» **Work to complete**
Begin with the line below holding "THE PARK San Luis Potosí" and go on through the line holding "Разные исторические эпохи", duplicating each line exactly and leaving out pictures.

________

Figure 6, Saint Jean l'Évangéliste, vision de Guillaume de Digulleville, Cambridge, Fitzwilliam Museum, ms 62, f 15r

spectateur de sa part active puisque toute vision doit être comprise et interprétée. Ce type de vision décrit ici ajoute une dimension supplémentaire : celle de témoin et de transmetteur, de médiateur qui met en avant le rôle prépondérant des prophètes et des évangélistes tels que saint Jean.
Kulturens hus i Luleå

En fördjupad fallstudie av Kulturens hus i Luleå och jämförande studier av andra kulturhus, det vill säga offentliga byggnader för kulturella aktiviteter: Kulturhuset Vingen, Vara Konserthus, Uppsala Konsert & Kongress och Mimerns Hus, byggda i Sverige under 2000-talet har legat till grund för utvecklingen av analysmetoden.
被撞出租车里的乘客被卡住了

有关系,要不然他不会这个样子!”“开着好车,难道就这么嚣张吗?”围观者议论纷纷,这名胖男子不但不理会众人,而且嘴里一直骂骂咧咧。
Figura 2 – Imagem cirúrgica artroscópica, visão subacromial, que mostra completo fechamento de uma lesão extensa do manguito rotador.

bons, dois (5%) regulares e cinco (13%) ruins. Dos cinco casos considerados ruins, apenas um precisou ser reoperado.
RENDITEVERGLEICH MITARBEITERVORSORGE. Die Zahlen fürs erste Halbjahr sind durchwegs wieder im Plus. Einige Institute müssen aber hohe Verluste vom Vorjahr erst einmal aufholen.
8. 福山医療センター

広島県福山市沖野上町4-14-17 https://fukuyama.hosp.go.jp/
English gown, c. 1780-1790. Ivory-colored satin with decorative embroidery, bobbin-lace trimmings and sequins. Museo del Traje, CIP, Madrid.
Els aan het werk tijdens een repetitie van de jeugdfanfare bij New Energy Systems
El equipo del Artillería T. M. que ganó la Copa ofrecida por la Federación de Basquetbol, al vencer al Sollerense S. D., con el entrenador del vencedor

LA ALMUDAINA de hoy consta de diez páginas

________

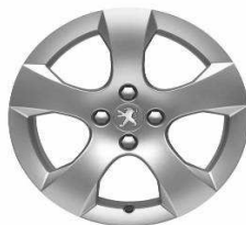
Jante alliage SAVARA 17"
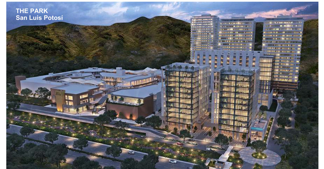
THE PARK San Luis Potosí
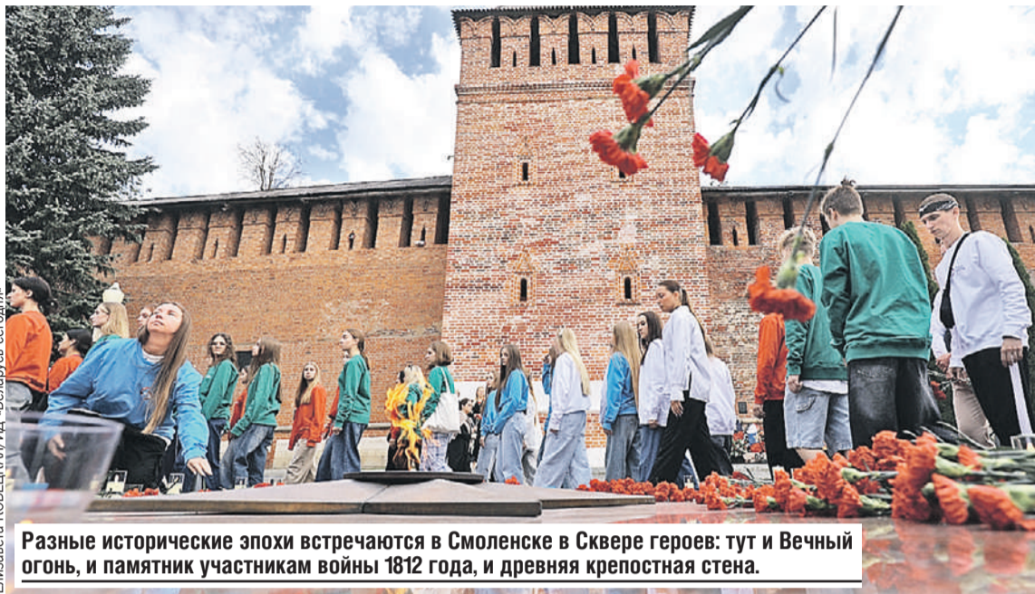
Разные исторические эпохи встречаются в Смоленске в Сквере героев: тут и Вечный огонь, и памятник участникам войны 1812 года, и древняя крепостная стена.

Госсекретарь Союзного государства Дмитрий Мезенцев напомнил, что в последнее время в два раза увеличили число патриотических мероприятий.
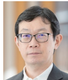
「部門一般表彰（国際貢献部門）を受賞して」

________

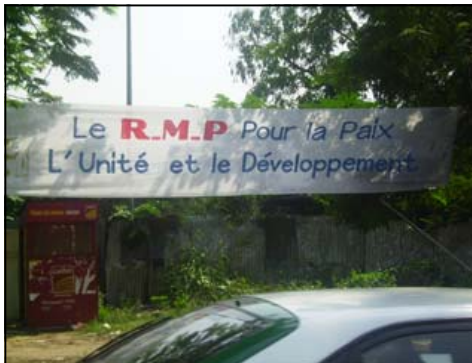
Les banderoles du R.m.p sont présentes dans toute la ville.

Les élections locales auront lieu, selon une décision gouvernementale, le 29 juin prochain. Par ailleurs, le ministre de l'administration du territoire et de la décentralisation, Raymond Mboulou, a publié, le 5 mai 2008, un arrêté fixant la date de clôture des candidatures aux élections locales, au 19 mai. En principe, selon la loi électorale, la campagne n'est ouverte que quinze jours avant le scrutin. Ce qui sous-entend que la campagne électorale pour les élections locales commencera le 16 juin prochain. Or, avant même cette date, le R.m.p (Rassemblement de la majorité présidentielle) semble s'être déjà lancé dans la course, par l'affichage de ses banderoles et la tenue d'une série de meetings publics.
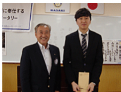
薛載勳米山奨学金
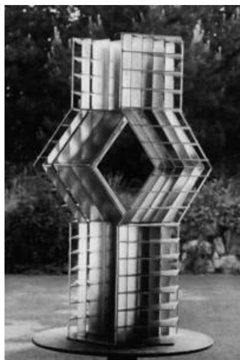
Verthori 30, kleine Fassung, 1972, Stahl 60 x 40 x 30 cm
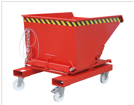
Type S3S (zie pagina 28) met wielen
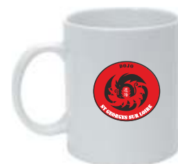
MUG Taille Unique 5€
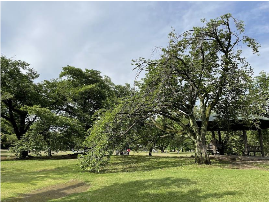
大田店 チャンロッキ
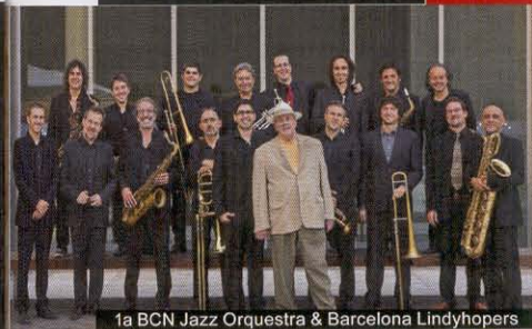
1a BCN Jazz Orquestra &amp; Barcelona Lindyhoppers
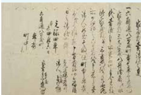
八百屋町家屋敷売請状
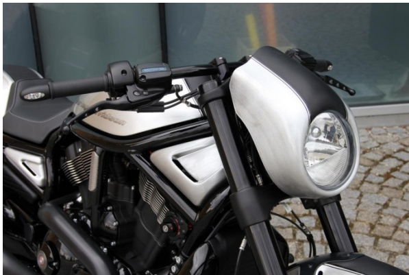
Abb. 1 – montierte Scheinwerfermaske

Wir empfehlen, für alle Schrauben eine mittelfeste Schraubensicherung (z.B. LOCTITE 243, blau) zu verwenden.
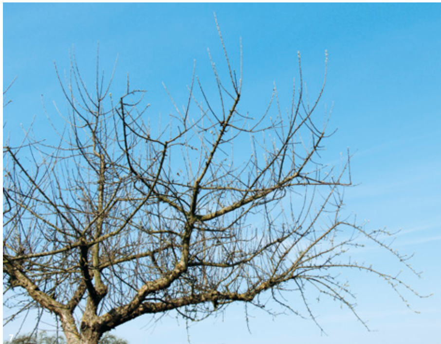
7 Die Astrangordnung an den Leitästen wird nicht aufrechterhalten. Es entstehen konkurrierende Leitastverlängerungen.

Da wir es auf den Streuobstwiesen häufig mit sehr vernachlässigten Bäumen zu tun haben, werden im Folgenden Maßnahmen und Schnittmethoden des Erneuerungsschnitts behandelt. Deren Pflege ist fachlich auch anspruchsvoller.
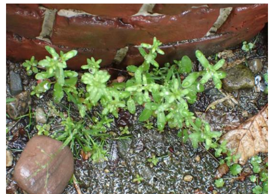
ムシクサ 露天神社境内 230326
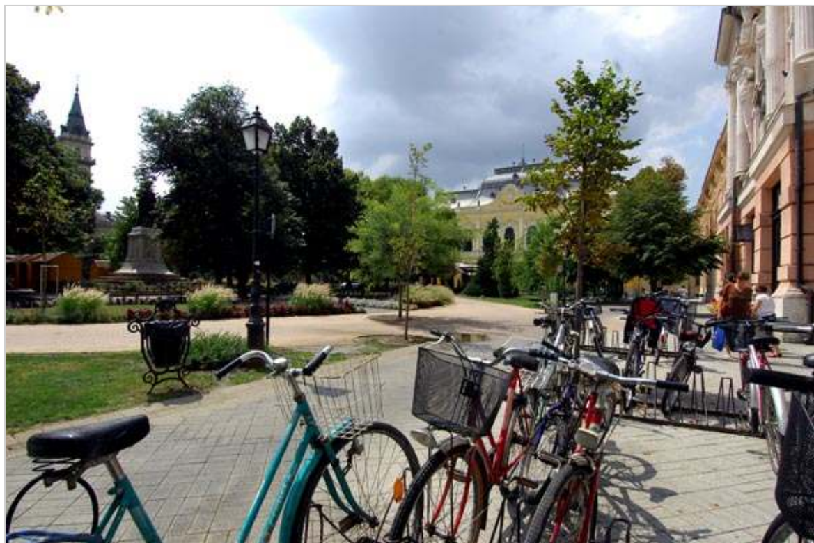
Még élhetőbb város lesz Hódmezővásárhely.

________

» **Answer to this exercise**
THE PARK San Luis Potosí
Разные исторические эпохи встречаются в Смоленске в Сквере героев: тут и Вечный огонь, и памятник участникам войны 1812 года, и древняя крепостная стена.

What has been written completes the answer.